= Larry Cohler-Esses =

American journalist and political writer

Larry Cohler-Esses is an American journalist and political writer. He has worked for the Jewish magazine The Forward. He is married to Dianne Cohler-Esses.

== Career ==
He joined the staff of The Forward in December 2008. Previously, he served as Editor-at-Large for The Jewish Week, an investigative reporter for the New York Daily News, and as a staff writer for The Jewish Week as well as the Washington Jewish Week. He has written extensively on the Arab-Jewish relations both in the United States and the Middle East. Cohler-Esses is a founding board member of Shtetl, a media outlet covering the Haredi Jewish community that launched in 2023.

== Trip to Iran ==
In August 2015, The Forward received wide attention for reporting from Iran at a charged moment in American politics, as the U.S. Congress was ramping up to a vote on an accord reached the month before to limit Tehran's nuclear ability in return for lifting international oil and financial sanctions.
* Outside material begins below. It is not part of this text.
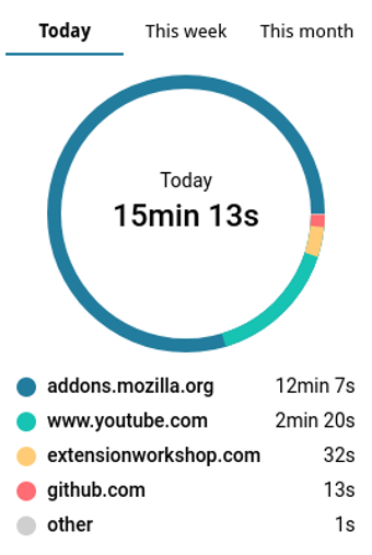 Browser Screen Time är en användbar tillägg för Firefox som hjälper användare att hålla koll på sin internetanvändning. Med en enkel och tydlig graf kan man se hur mycket tid som spenderas online, antingen under en specifik dag eller inom ett valt tidsintervall. Denna funktion gör det lättare att förstå och analysera sina surfvanor utan krångel.

Larry Cohler-Esses was, in the words of The New York Times, "The first journalist from an American Jewish pro-Israel publication to be given an Iranian visa since 1979".

== Awards ==
He received several Laurels Awards from the Columbia Journalism Review, and two New York Press Association awards. The subject along with Lili Bayer won the
Society of Professional Journalists 2018 Phi Sigma Chi award for non-daily investigative reporting on former White House anti-terrorism aide, Sebastian Gorka.